* [EXCERPTED DATA]:
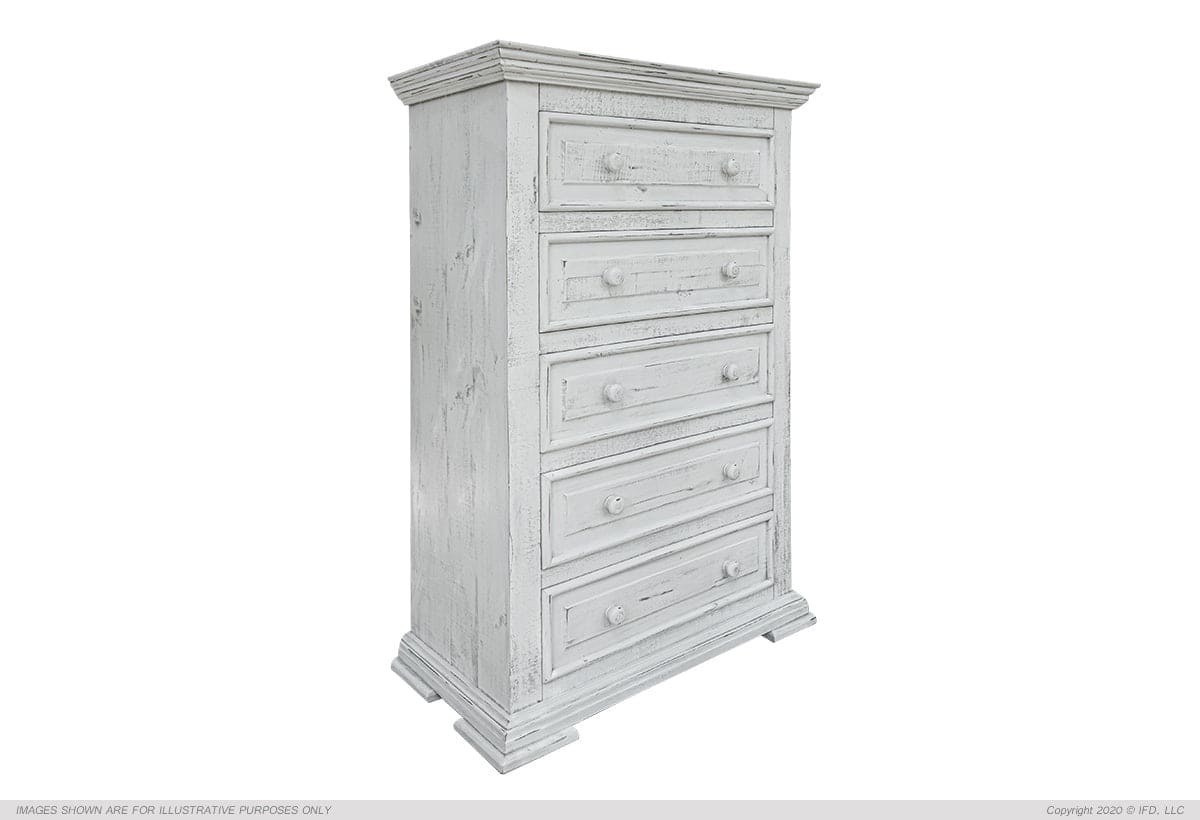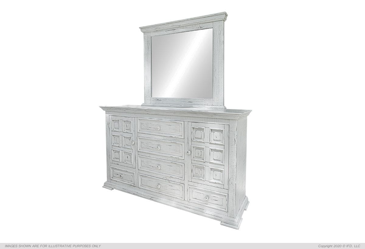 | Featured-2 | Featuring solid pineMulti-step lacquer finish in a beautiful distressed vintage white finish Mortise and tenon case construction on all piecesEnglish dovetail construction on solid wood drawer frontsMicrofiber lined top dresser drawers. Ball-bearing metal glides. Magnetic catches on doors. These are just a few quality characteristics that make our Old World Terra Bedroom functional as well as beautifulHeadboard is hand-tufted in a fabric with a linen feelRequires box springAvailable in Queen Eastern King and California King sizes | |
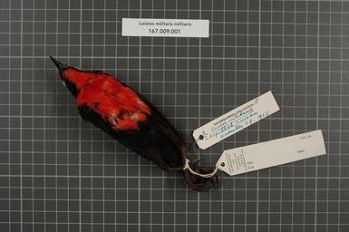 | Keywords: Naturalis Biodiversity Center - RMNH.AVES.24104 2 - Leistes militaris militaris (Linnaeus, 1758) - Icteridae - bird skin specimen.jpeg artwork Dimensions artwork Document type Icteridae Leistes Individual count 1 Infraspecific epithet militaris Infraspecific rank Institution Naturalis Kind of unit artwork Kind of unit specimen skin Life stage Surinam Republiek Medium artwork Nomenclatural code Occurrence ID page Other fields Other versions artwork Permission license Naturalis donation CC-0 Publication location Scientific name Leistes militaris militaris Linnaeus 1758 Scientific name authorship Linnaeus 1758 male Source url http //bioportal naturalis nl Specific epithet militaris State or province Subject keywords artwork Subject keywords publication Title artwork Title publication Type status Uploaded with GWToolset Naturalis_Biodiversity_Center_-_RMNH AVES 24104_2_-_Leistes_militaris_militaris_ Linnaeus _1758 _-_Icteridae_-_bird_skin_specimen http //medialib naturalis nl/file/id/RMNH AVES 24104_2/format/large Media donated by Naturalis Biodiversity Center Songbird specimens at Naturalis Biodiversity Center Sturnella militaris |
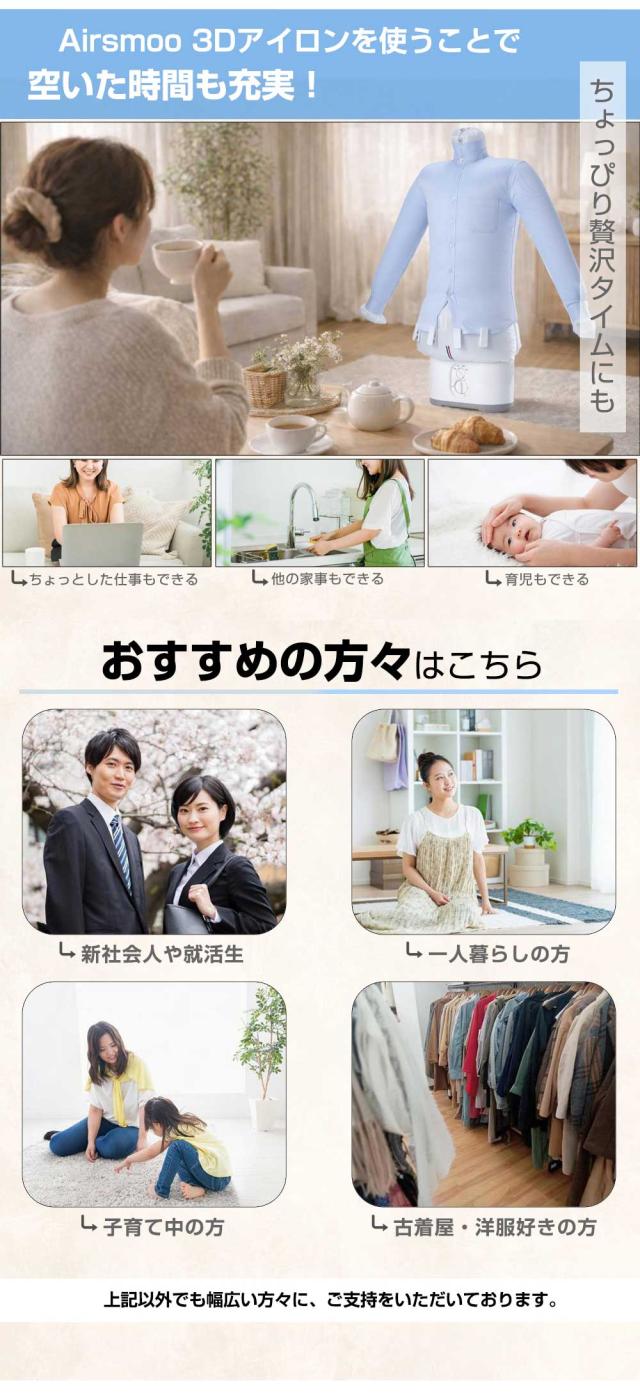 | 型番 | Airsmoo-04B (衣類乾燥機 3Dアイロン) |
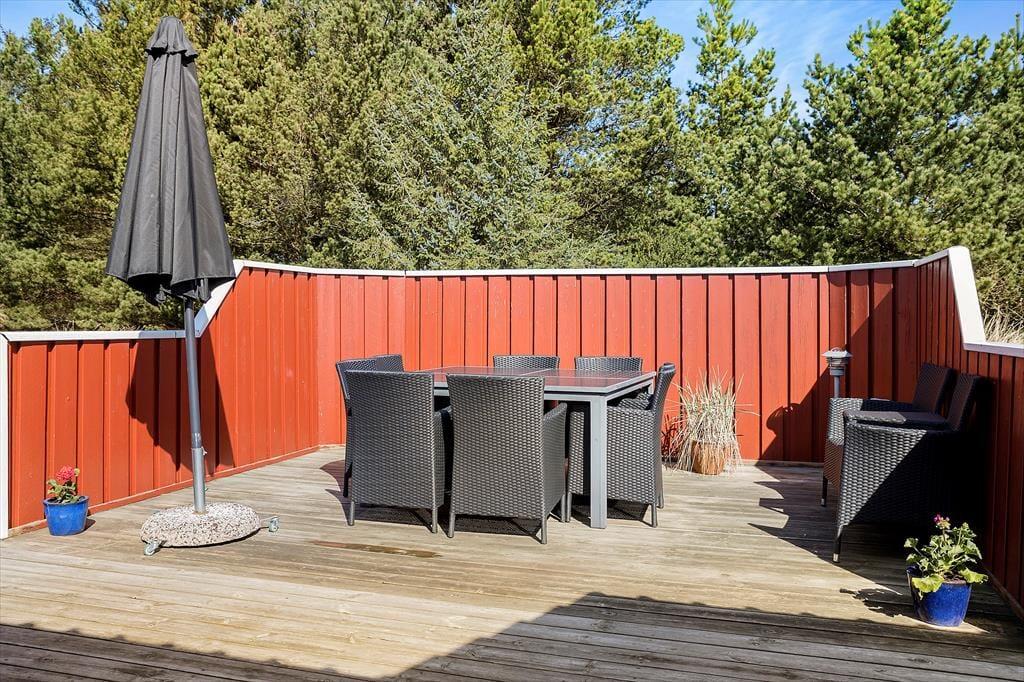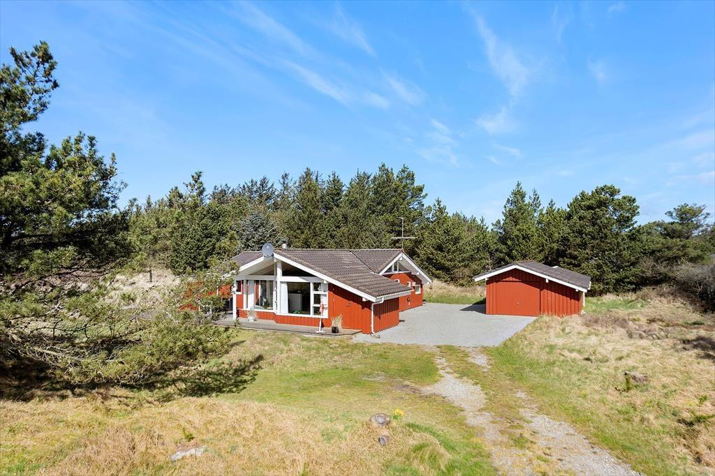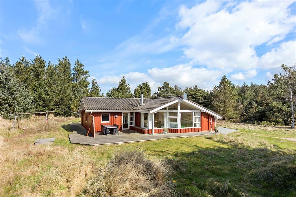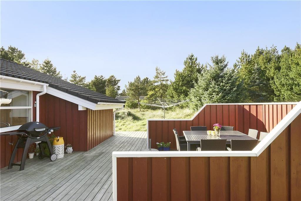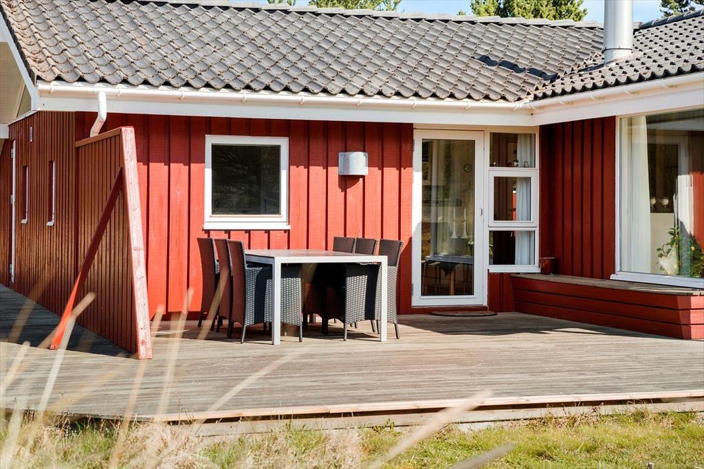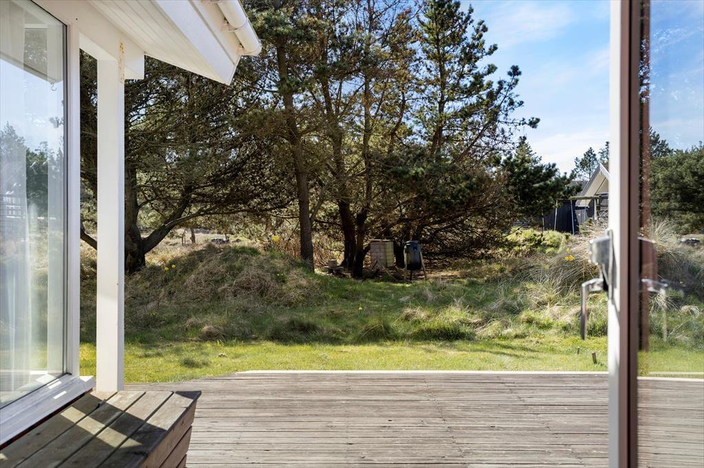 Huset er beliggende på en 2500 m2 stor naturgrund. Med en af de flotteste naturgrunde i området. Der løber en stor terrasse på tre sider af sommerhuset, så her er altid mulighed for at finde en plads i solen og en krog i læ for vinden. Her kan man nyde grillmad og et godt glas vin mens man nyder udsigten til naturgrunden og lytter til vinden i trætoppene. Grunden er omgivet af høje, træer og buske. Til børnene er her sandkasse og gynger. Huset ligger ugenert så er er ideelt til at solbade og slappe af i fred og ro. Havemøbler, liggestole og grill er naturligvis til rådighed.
--
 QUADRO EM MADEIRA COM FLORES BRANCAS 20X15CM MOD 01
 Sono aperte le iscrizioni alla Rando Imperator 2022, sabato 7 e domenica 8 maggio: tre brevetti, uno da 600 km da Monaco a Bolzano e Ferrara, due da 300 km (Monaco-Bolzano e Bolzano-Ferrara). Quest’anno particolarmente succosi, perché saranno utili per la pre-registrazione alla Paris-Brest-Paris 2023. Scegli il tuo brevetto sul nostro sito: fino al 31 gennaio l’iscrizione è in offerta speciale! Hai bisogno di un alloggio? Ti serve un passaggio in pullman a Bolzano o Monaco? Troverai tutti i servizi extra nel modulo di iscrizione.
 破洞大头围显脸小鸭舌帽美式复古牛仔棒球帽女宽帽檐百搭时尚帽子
--
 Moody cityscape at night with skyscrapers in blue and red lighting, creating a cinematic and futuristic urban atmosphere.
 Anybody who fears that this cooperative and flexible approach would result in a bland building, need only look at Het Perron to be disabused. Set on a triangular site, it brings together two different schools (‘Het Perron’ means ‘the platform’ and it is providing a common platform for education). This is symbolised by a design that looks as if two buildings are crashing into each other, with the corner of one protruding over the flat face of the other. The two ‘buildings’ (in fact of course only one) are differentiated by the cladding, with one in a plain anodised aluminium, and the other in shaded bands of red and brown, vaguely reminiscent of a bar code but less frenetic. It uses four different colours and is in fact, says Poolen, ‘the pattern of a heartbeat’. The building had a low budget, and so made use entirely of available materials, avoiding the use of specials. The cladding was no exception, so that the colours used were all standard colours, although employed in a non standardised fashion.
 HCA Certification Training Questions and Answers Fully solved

* [WORK TASK]:
From the line containing "QUADRO EM MADEIRA" down to the line containing "破洞大头围显脸小鸭舌帽美式复古牛仔棒球帽女宽帽檐百搭时尚帽子" in the material above, reproduce every line exactly, including the two end lines.

* [SOLUTION TO THE PROBLEM]:
 QUADRO EM MADEIRA COM FLORES BRANCAS 20X15CM MOD 01
 Sono aperte le iscrizioni alla Rando Imperator 2022, sabato 7 e domenica 8 maggio: tre brevetti, uno da 600 km da Monaco a Bolzano e Ferrara, due da 300 km (Monaco-Bolzano e Bolzano-Ferrara). Quest’anno particolarmente succosi, perché saranno utili per la pre-registrazione alla Paris-Brest-Paris 2023. Scegli il tuo brevetto sul nostro sito: fino al 31 gennaio l’iscrizione è in offerta speciale! Hai bisogno di un alloggio? Ti serve un passaggio in pullman a Bolzano o Monaco? Troverai tutti i servizi extra nel modulo di iscrizione.
 破洞大头围显脸小鸭舌帽美式复古牛仔棒球帽女宽帽檐百搭时尚帽子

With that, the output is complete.